(AIM OF THE EXERCISE)
Every record below needs to be set down exactly. Pictures do not belong in the copy.

== DATA FOR PROCESSING

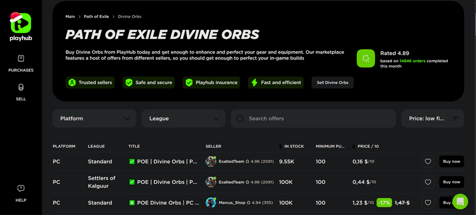 Best prices due to competition. The main law of the market: the more sellers, the lower the price. On Playhub, you can almost always find an offer cheaper than on fixed platforms. Sellers see competitors’ prices and lower theirs by 1-2 cents to rank higher. For a buyer planning to purchase a large quantity of Divine Orbs for crafting top-tier gear, this difference can be significant.
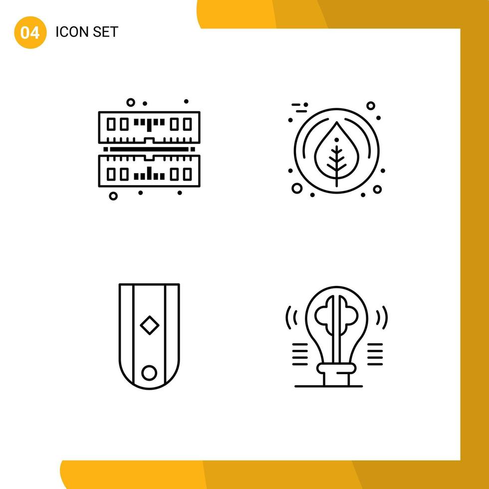 4 User Interface Line Pack of modern Signs and Symbols of computer one leaf diamond brain Editable Vector Design Elements
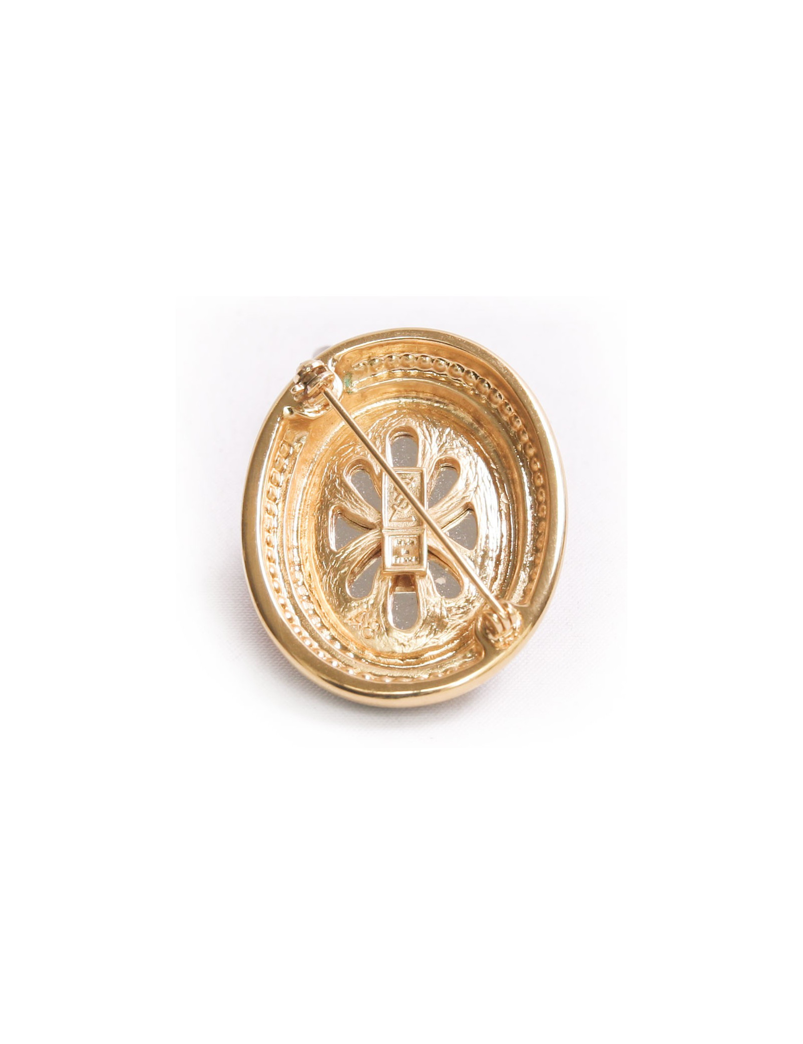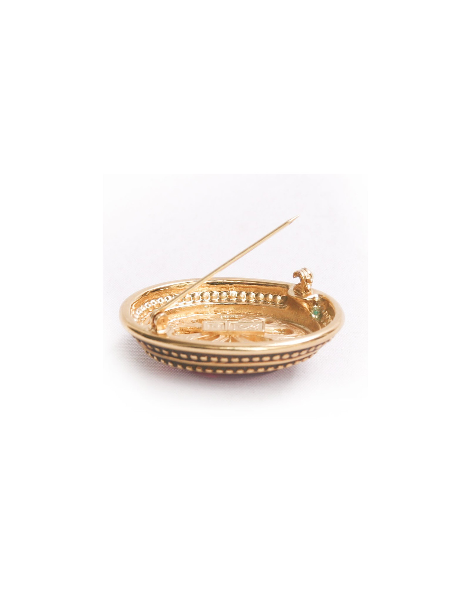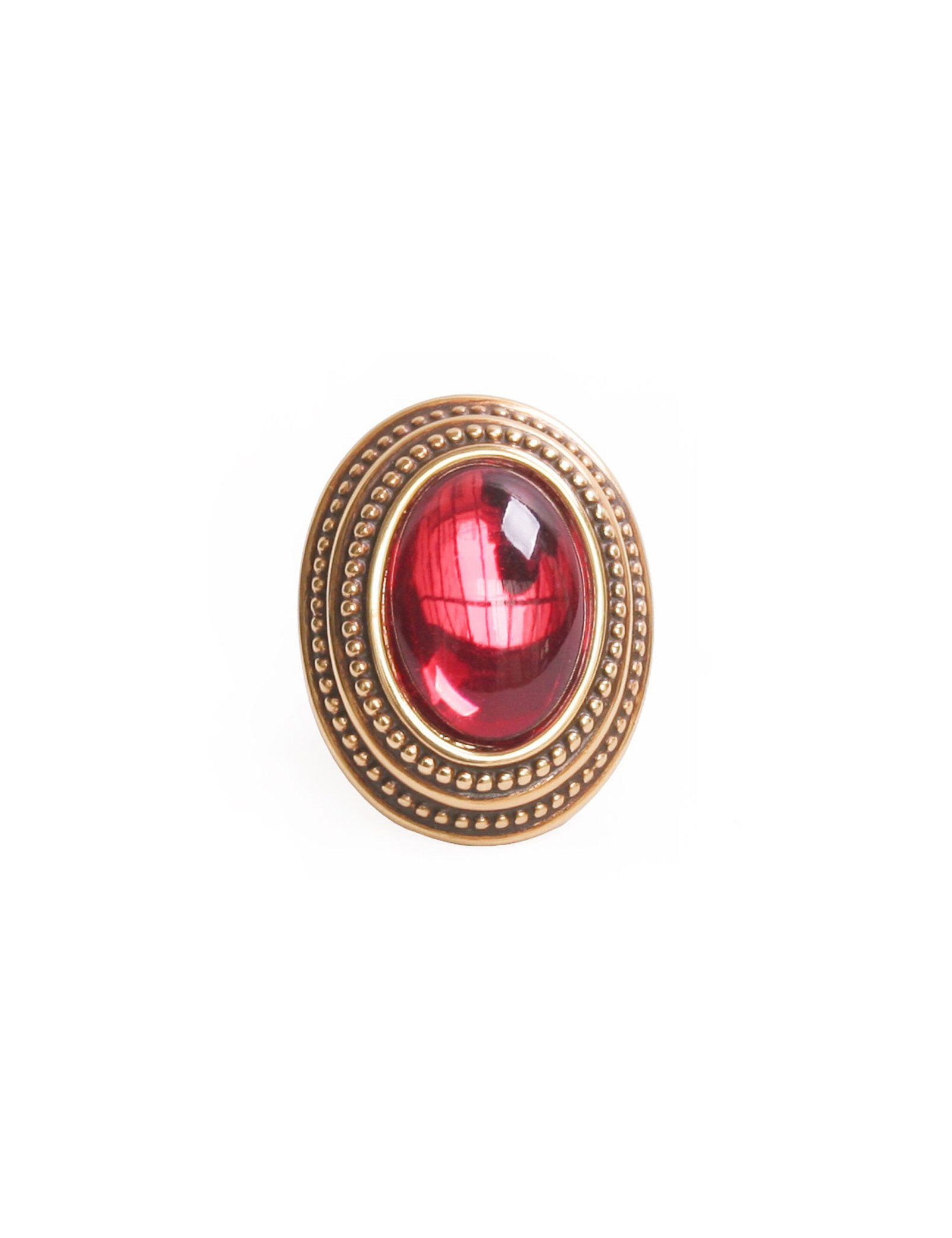 PIN cabochon vintage Yves Saint Laurent oval resin red-frambroise, outline in gold metal. In very good condition.
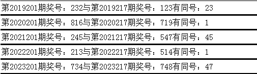 与前期历史同期奖号对比分析,在最近五年开奖中,第201期同期奖号与第217期同期奖号都出现了相同号码:
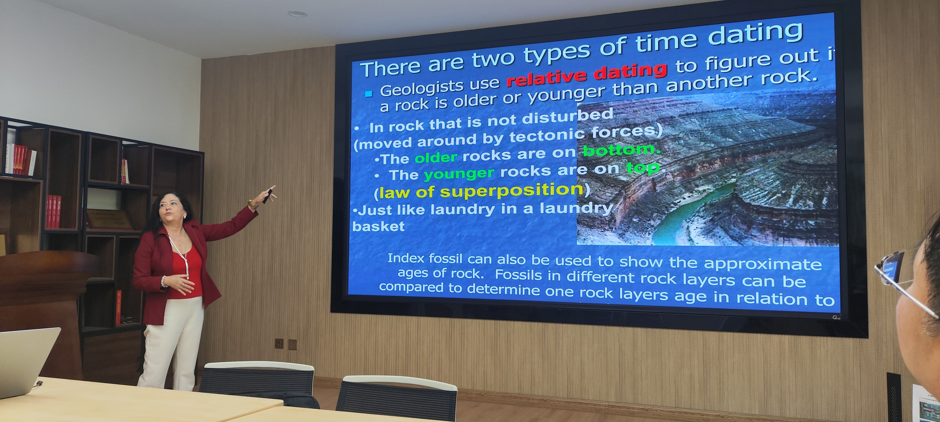 Luis教授和Maria教授分别以《High Energy Particles in the Near-Earth Environment》和《Radioisotope-Based Geochronology》为题作学术报告。Luis教授系统的讲解了高能粒子的起源、特性及其在通信、能源、航空航天导航等领域的应用;Maria教授阐述了在不同地质环境下精确年代估测的原理,并将年代学数据与地球化学、岩石学分析相结合,展示了精确年代框架在古气候研究、矿产勘探及行星科学背景下地球演化研究中的重要作用。
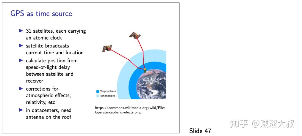 另一种获取时间的高精度方法是依赖于 GPS 卫星定位系统,或类似的系统,如伽利略(Galileo)或格洛纳斯(GLONASS)。这些系统的工作原理是有几颗卫星绕地球运行,并以非常高的分辨率广播当前的时间。接收器测量每颗卫星的信号到达它们所需的时间,并使用它来计算它们与每颗卫星的距离,从而计算它们的位置。通过将 GPS 接收器与计算机连接,只要接收器能够从卫星上获得清晰的信号,就可以获得精确到微秒以内的时钟。在一个数据中心中,通常会有太多的电磁干扰而无法获得一个良好的信号,所以一个 GPS 接收器需要在数据中心大楼的屋顶上安装一个天线。

====

(WORKED SOLUTION)
 Best prices due to competition. The main law of the market: the more sellers, the lower the price. On Playhub, you can almost always find an offer cheaper than on fixed platforms. Sellers see competitors’ prices and lower theirs by 1-2 cents to rank higher. For a buyer planning to purchase a large quantity of Divine Orbs for crafting top-tier gear, this difference can be significant.
 4 User Interface Line Pack of modern Signs and Symbols of computer one leaf diamond brain Editable Vector Design Elements
 PIN cabochon vintage Yves Saint Laurent oval resin red-frambroise, outline in gold metal. In very good condition.
 与前期历史同期奖号对比分析,在最近五年开奖中,第201期同期奖号与第217期同期奖号都出现了相同号码:
 Luis教授和Maria教授分别以《High Energy Particles in the Near-Earth Environment》和《Radioisotope-Based Geochronology》为题作学术报告。Luis教授系统的讲解了高能粒子的起源、特性及其在通信、能源、航空航天导航等领域的应用;Maria教授阐述了在不同地质环境下精确年代估测的原理,并将年代学数据与地球化学、岩石学分析相结合,展示了精确年代框架在古气候研究、矿产勘探及行星科学背景下地球演化研究中的重要作用。
 另一种获取时间的高精度方法是依赖于 GPS 卫星定位系统,或类似的系统,如伽利略(Galileo)或格洛纳斯(GLONASS)。这些系统的工作原理是有几颗卫星绕地球运行,并以非常高的分辨率广播当前的时间。接收器测量每颗卫星的信号到达它们所需的时间,并使用它来计算它们与每颗卫星的距离,从而计算它们的位置。通过将 GPS 接收器与计算机连接,只要接收器能够从卫星上获得清晰的信号,就可以获得精确到微秒以内的时钟。在一个数据中心中,通常会有太多的电磁干扰而无法获得一个良好的信号,所以一个 GPS 接收器需要在数据中心大楼的屋顶上安装一个天线。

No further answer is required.